During the entire compilation process, the compiler will complete most of the work and convert the program represented by a relatively abstract execution model provided by C language into a very basic instruction executed by the processor. Assembly code indicates very similar to machine code. Compared with the binary format of machine code, assembly code has a major feature, that is, it is expressed in a text format with better readability. Being able to understand the assembly code and its connection with the original C code is a key step in understanding how the computer executes the program.

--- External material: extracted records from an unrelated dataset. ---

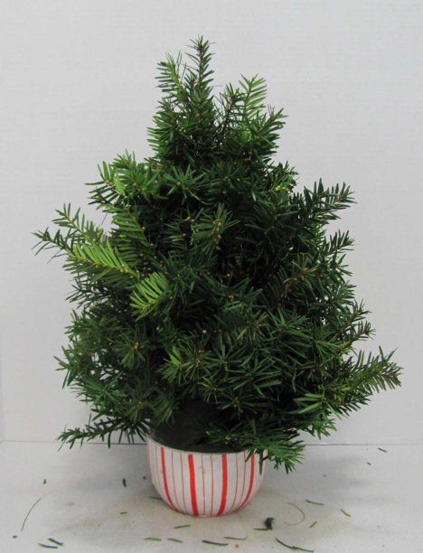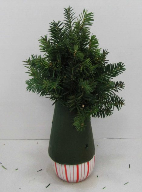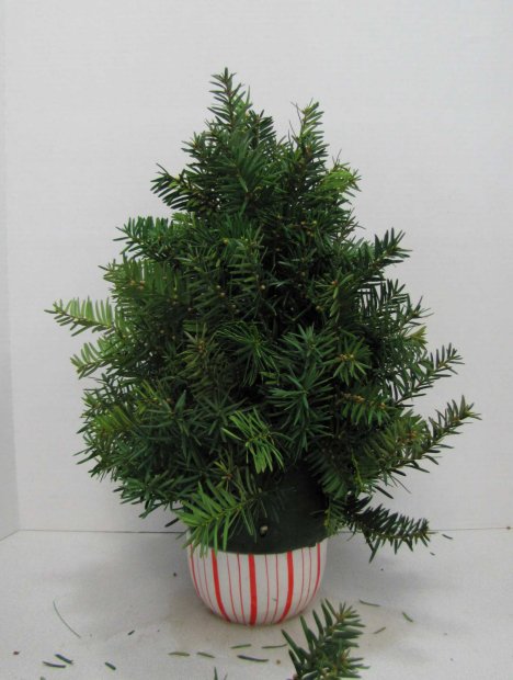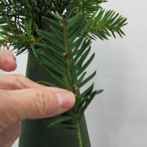 I keep my beginning stems a little shorter at the top. They will get longer as I move down the tree design. The size of the final tree is determined by how long you cut your evergreen laterals.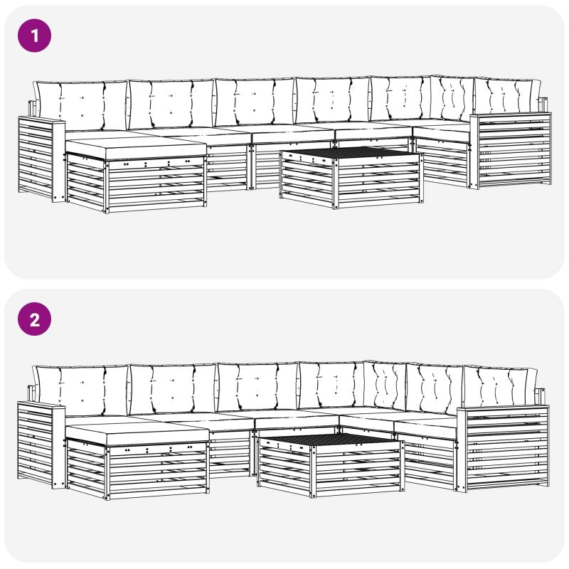 Този секционен диван е стилен и универсален, идеален за преобразуване на вашата градина или патио в удобно място. С модерен вид и чисти линии, той се интегрира безпроблемно в откритите пространства и е перфектен за релаксация. Комбинира естествени дървесни тонове с здраво строителство, служейки и като красиво решение за сядане. Качество на изработката: Изработен от масивна акациева дървесина, този комплект е с богат кафяв цвят, излъчващ елегантност и топлина. Висококачественият материал е здрав и е устойчив на климатични влияния, което го прави идеален за дългосрочна употреба на открито. Вградена гъвкавост: Модулният дизайн позволява адаптиране на компонентите спрямо пространството или повода. Подходящ е както за големи събирания, така и за уютни вечери. Стил и практичност: С решетъчен гръб и минималистични подпори, диванът предлага баланс между стил и лесна поддръжка. Допълващи компоненти: Изработен е с решетъчни гръбове и здрави подпори от масивна акациева дървесина, предпазващи елегантността му. Грижи и поддръжка: Сетът изисква само забърсване с влажна кърпа за поддържане на вида си и гарантира дълготрайност.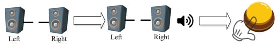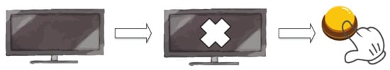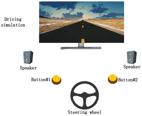 There are 8 tasks during the experiment, as shown in Table 1. To obtain a reference, we define warm-up (WUP) as the baseline of the experiment that is at the beginning of the experiment. In WUP, the subject is asked to drive a car for 2 laps without any stimuli and any errors. Next stage performance (PERFO) is similar to WUP, but the total time of driving is 2% less than WUP. Then the task of “alert“ with video and “vigilance” with audio (TAV) is designed and appeared randomly during the process of the experiment to make the subjects feel tired more easily, which are follow after PERFO with a pseudo-random order, TAV3, TAV1, TAV5, TAV2, TAV4. Please note that they will receive visual or sound stimuli with different frequencies in TAVs stages. Different stimulus frequencies of “alert” or “vigilance” represent the different degree of stimulation, defined as TAV1, TAV2, TAV3, TAV4, and TAV5 with different stimulus intervals [28,29,30,31]. The TAVs duration will be set up depending on the total time spent in WUP. From TAV1 to TAV5, the stimuli intervals are 9800–10,200, 7700–8100, 5900–6300, 4100–4500, and 2300–2700 ms, respectively. The last stage is drowsiness (DROW) with a slow speed just like driving in a crowded city center, without any video or audio stimuli alongside the track for 2 laps. The subject should press “Button#1” with his left finger when ‘X’ appears, which is an “alert” task, and press “Button#2” with his right finger when two consecutive “beep”’s come, which is a “vigilance” task [32,33,34]. “Alert” stimuli is used to mimic the actual road conditions, such as traffic lights, pedestrians crossing the road, other vehicles, etc. (as shown in Figure 2) [35], while “vigilance” stimuli is used to stimulate the car radio, engine noise or a phone call (as shown in Figure 3). Usually, the whole experiment will last 2 h. WUP, PERFO, 5 TAVs, and DROW will need about 10 min, 2% less than that of WUP, 1 h, and 20 min, respectively. There is a break of about 5 min between each stage.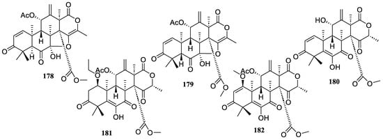 Chemical structures of meroterpenoids (178–182).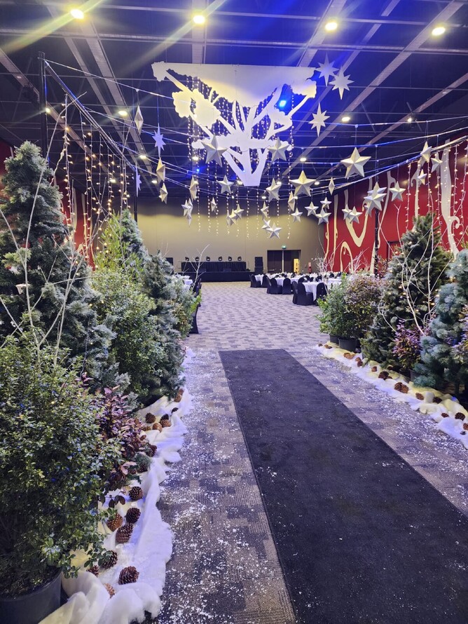 The entrance welcomed students with a lovely snowy, tree-lined walkway topped with shimmering stars above, setting a magical tone right from the start.

2. operand indicator EB base address register EI address change register

Type

Format

Operation Value

Name

Instant count

$ IMM

IMM

Immediate addressing

Register

EA

R [EA]

Register addressing

Memory

IMM

M [Imm]

Absolute addressing

Accessors

(Ea)

M [R [EA]

Indirect addressing

Memory

Imm (EA)

M [Imm + R [EA]

(Base address + offset) Addressing

Memory

(EB, EI)

M [R [Eb] + R [ei]

Address Change Addressing

Memory

Imm (EB, EI)

M [Imm + R [Eb] + R [e] I]

Address Change Addressing

Memory

(, EI, S)

M [R [ei] * s]

Proportional address change addressing

Memory

Imm (, EI, S)

M [Imm + R [ei] * s]

Proportional address change addressing

Memory

(EB, EI, S)

M [R [Eb] + R [ei] * s]

Proportional address change addressing

Memory

Imm (EB, EI, S)

M [Imm + R [Eb,] + R [ei] * s]

Proportional address change addressing

 

3. In the mov class, the data transmission Command copies the value of the source operand to the destination operand. The value specified by the source operand is an immediate number, which is stored in a register or memory. The destination operand specifies a location, a register, or a register address. Ia32 adds a limit. The two operands of the transfer instruction cannot both point to the memory location. Two commands are required to copy a value from one memory location to another -- The First Command loads the source value into the register, and the second command writes the value to the destination location.

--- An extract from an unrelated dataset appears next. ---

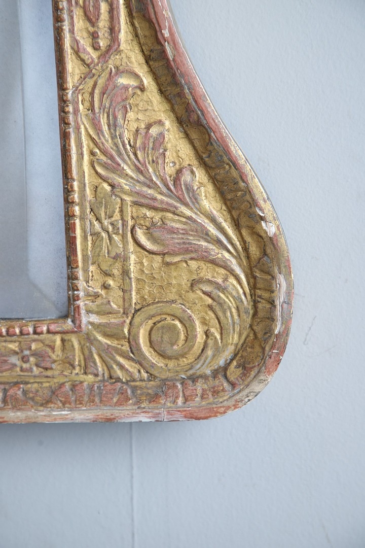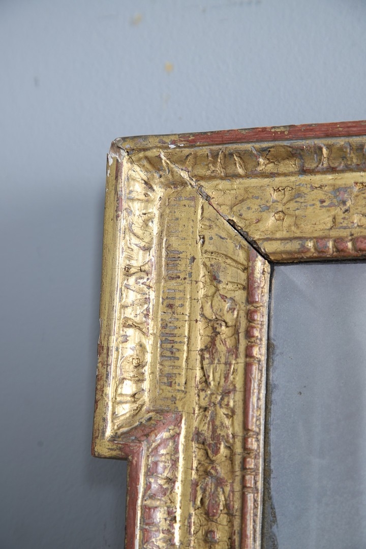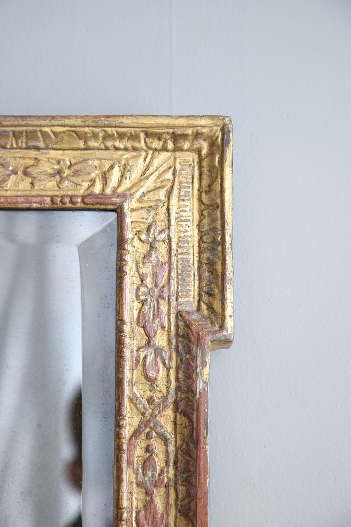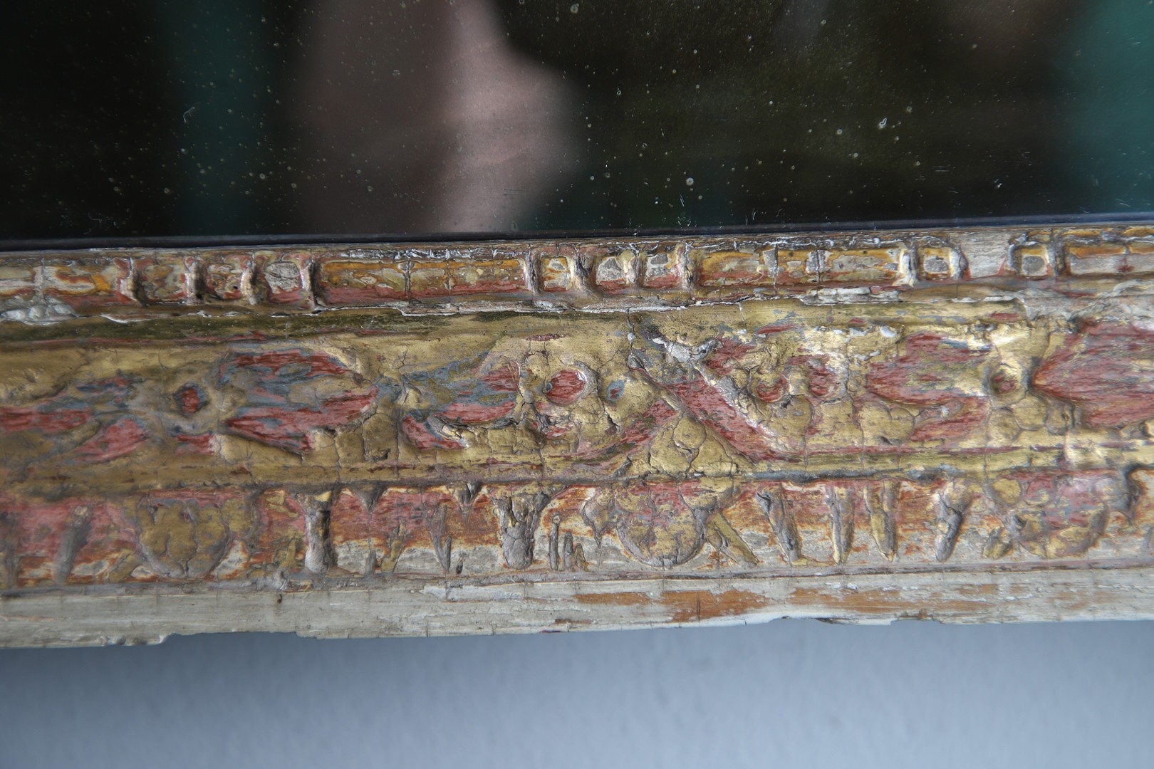 A GEORGE II GILTWOOD AND GESSO OVERMANTLE MIRROR. the bevelled plate to a shallow-relief moulded frame of Classical motif decoration, height, 49cm, width 96cm.

4. arithmetic and logical operations

The load effective address command lead is actually a variant of the movl command. Its command form is to read data from the memory to the register, but in fact it does not reference the register at all. Its first operand seems to be a memory reference, but this instruction does not read data from a specified position, but writes a valid address to the destination operand. This command can generate pointers for subsequent accessors.

Lead S, d <--- & S

In addition, it can briefly describe common arithmetic operations. For example, lead 7 (% edX, % edX, 4) % eax. If the value of % edX is X, the value of % eax is 5x + 7.

 

5. Control p125

Assembly Code does not record the type of program value. On the contrary, different commands determine the size of the operands and whether they are signed or unsigned.

In assembly language, a jump label is provided as the jump target, for example, ". l1 ". Indirect jump is written as "*" followed by an operand indicator. (Indirect jump, that is, the jump target is read from the register or memory location ). Conditional jump can only be a direct jump. In assembly code, jump commands have several different encodings, but most commonly used are related to PC (program counter. They encode the difference between the target instruction address and the instruction address that follows the jump instruction. The address offset can be encoded as 1, 2, or 4 bytes. The second encoding method is to give an "absolute" address and specify the target in four bytes.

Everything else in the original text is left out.